Just in case you didn’t believe me…

I finally figured out how to get my iPhone photos onto the Chromebook- so here’s a picture of that pulled pork that I was talking up a few days ago. I think you’ll see that I wasn’t making up how awesome it was.

Just out of the oven...

Just out of the oven…

And after the "pulling". So, so delicious.

And after the “pulling”. So, so delicious.

Believe me when I tell you that, even without BBQ sauce, this pork was one of the best things I’ve eaten in my 39 years on this planet. I even had it with veggies and eggs for breakfast the next day. I put the recipe back up under “Related Articles” in case you didn’t want to scroll back through the other posts to look for it. Gawd, I need to make this again, probably this weekend. Have a great night, lovelies!

Days 5, 6, 7

First off, I gotta say- camping this weekend was wonderful! My bestie and a bunch of her teaching colleagues did a half-marathon at Timothy Lake on Saturday, and I drove up to meet them after the race. They had packed a metric buttload of delicious, totally non-Whole 30-compliant foods that, I am proud to say, I was able to resist. I stayed within the technical guidelines for food while I was up there, although I probably “grazed” way more than I was supposed to. I’m going to count it as a win though. And, meeting all those fantastic women and seeing how much fun they were having inspired me to begin a walking program so I can do the half-marathon with them next year! I started yesterday and I feel great. I’ve tried to do a running program a few times but soon realized that my various and sundry joint issues did not make for a comfortable run. It seems that I’m better suited for walking, and I’m totally ok with that!

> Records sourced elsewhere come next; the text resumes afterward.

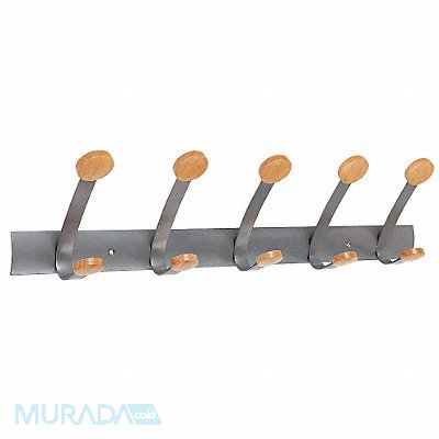 Coat Rack 5 Hook Height (In.) 10 1/2 in Width (In.) 24 1/8 in Holds Up to 24 garments Material Wood/Steel Color Brown/Silver
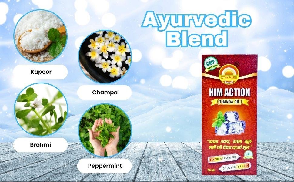 Experience cooling relief with Him Action Thanda Oil. This unique oil is formulated with a blend of active ingredients like Rattan Jot, Kapoor, Champa, Brahmi, aavla, peppermint, and more.It provides a cooling effect that soothes headaches, tension, and stress and promotes healthy hair.
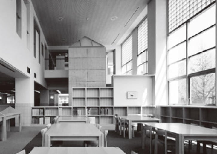 槇先生が設計なさった大学のキャンパスの中に、中高一貫の6年制の学校として、独自の領域をつくろうと思い、コートハウス(中庭形式)的というか、周りを一般教室で囲む構想にしました。そして、中心部分に共用で使う図書館、特殊教室や体育館を置き、教室との間に広場をつくりました。生徒たちが6年間を過ごすために、小さな街のような学校をつくろうと考えたのです。
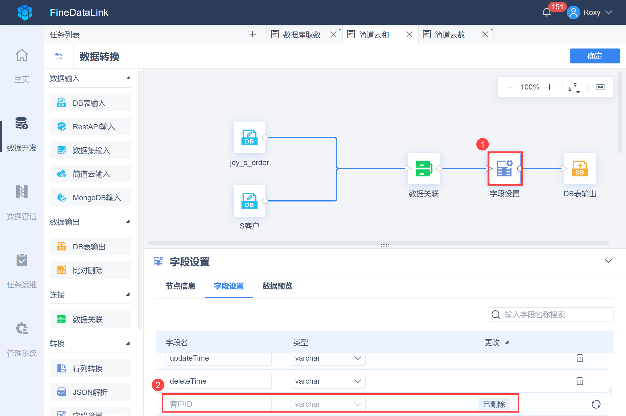 将关联后的重复字段「客户ID」删除,如下图所示:
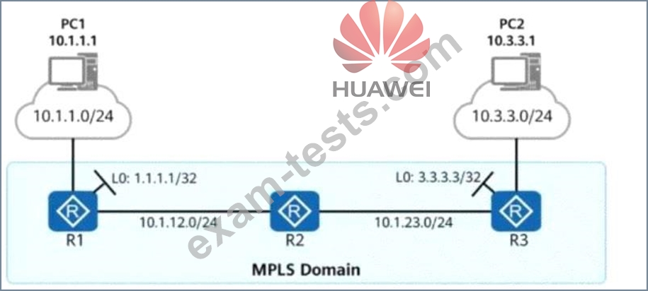 Comprehensive and Detailed In-Depth Explanation: This question is based on MPLS (Multiprotocol Label Switching) and its interaction with routing protocols . The goal is to ensure PC1 (10.1.1.1) can communicate with PC2 (10.3.3.1) over MPLS. Let's analyze each option carefully. 1## Understanding MPLS Routing Requirements To forward traffic using MPLS and LDP, we need: * An IGP (Interior Gateway Protocol) like OSPF or IS-IS to advertise network reachability. * Loopback interfaces advertised in OSPF to establish LDP neighbor relationships. * Consistent MPLS LDP enablement on all links in the MPLS domain. * End-to-end IP reachability between loopbacks (since LDP uses the loopback for label distribution). 2## Option A (Correct Answer) Analysis This configuration enables OSPF on all routers (R1, R2, and R3) across the MPLS domain: # All networks are advertised in OSPF area 0, ensuring IP reachability.# Loopback interfaces (1.1.1.1, 2.2.2.2, 3.3.3.3) are included, which is required for MPLS LDP peer establishment.# PC1's network (10.1.1.0/24) and PC2's network (10.3.3.0/24) are properly advertised, ensuring end-to-end connectivity.# R1, R2, and R3 have OSPF neighbor relationships, meaning LDP can use OSPF routes for label switching. # Conclusion: Option A meets all MPLS forwarding requirements and is the correct answer. 3## Why Other Options Are Incorrect # Option B (Incorrect) * Uses BGP instead of OSPF, which is not optimal for MPLS forwarding in a simple MPLS domain. * LDP requires an IGP like OSPF or IS-IS to work efficiently. * BGP alone does not establish LDP label bindings between R1, R2, and R3. # Option C (Incorrect) * Mixes OSPF and BGP, causing routing inconsistency. * Uses ip ip-prefix and recursive lookup, which is unnecessary in a standard MPLS domain. * BGP does not distribute labels dynamically like an IGP with LDP. # Option D (Incorrect) * R1 does not advertise the 10.1.1.0/24 network, meaning PC1's network is not reachable. * R3 does not advertise the 10.3.3.0/24 network, meaning PC2's network is not reachable. * Missing essential routing entries for full end-to-end reachability. References: # HCIP-Datacom Advanced Routing & Switching Technology# Huawei Official MPLS and LDP Configuration Guide# Huawei Enterprise Networking Documentation
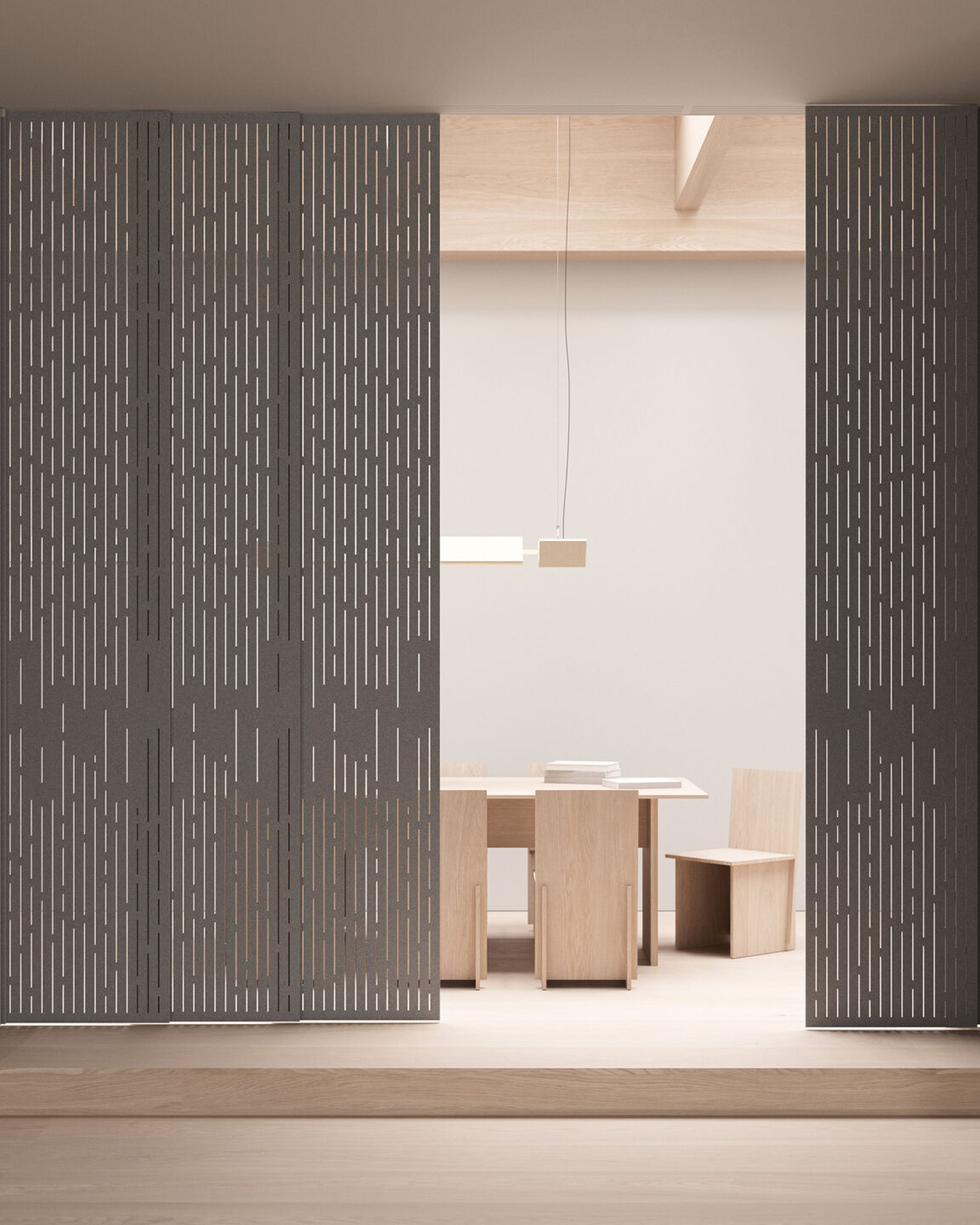 Cotilla es un panel acústico colgante de con sistema corredero inspirado en los paneles japoneses, creado para aportar ligereza, funcionalidad y estética. Su formato suspendido permite dividir espacios, mejorar la acústica y ofrecer privacidad sin necesidad de estructuras fijas.

Sunday I got home, took a nap, went shopping with the husband for supplements and meat, and spent the rest of the evening lazing about the house. It was glorious. Mad Men was on, and then Game of Thrones which- holy moley!!! I could NOT believe that episode. It completely blew me away, and now I”m eagerly awaiting the finale- I can’t imagine how they’re going to top that episode in terms of sheer awesomeness. (Notice how I kept it spoiler-free? You’re welcome.)

Yesterday after classes I came home and cooked up some sausages and sweet potatoes, with a few pea pods from our “garden”. But! Breakfast was awesome- Turkey, Butternut Squash and Kale Patties with eggs and fresh pineapple. Recipe below (adapted from  Multiply Delicious).

I’m not going to do a breakdown of my food today; I’ve been eating really well, if not a little repetitively. I feel great though! I’m starting to get that energy rush; this morning not so much as I was up really late with sinus allergies. But I’ve had a little coffee so I’m ready to tackle the world! Have a wonderful day, lovelies! I’m going to Tryon Creek State Park for a 2.7 mile walk with the pup today, so hopefully I can post some pics of that later.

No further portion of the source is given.